- _RECORDS SUPPLIED_
*** Block opens ***
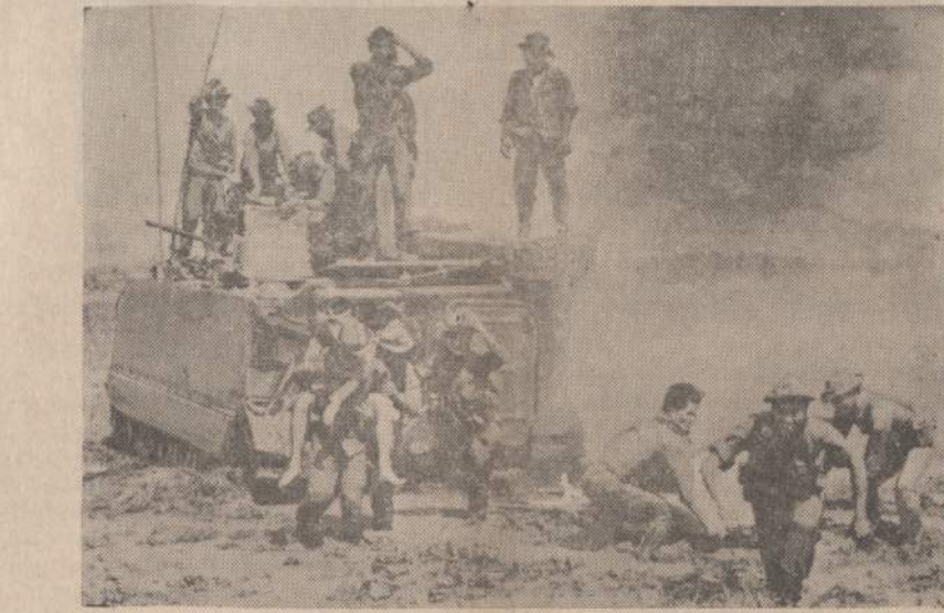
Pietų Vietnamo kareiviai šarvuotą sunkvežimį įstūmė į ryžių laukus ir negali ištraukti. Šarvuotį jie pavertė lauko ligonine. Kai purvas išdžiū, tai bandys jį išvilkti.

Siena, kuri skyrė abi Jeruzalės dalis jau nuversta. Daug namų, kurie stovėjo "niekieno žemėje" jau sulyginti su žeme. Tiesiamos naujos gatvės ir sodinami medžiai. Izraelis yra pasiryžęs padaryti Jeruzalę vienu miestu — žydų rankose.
*** Block closes ***
*** Block opens ***
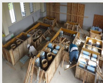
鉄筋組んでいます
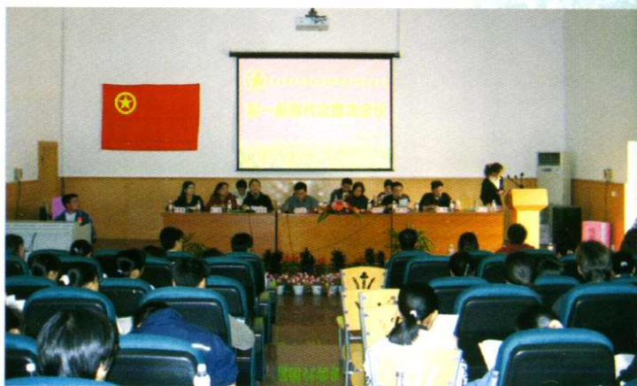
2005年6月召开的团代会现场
*** Block closes ***
- _EXERCISE GOAL_
The lines above, starting at the one with "Pietų Vietnamo kareiviai" and ending at the one with "Siena, kuri skyrė", are the only ones to return, exactly as written.

- _RESPONSE TO THE TASK_
Pietų Vietnamo kareiviai šarvuotą sunkvežimį įstūmė į ryžių laukus ir negali ištraukti. Šarvuotį jie pavertė lauko ligonine. Kai purvas išdžiū, tai bandys jį išvilkti.

Siena, kuri skyrė abi Jeruzalės dalis jau nuversta. Daug namų, kurie stovėjo "niekieno žemėje" jau sulyginti su žeme. Tiesiamos naujos gatvės ir sodinami medžiai. Izraelis yra pasiryžęs padaryti Jeruzalę vienu miestu — žydų rankose.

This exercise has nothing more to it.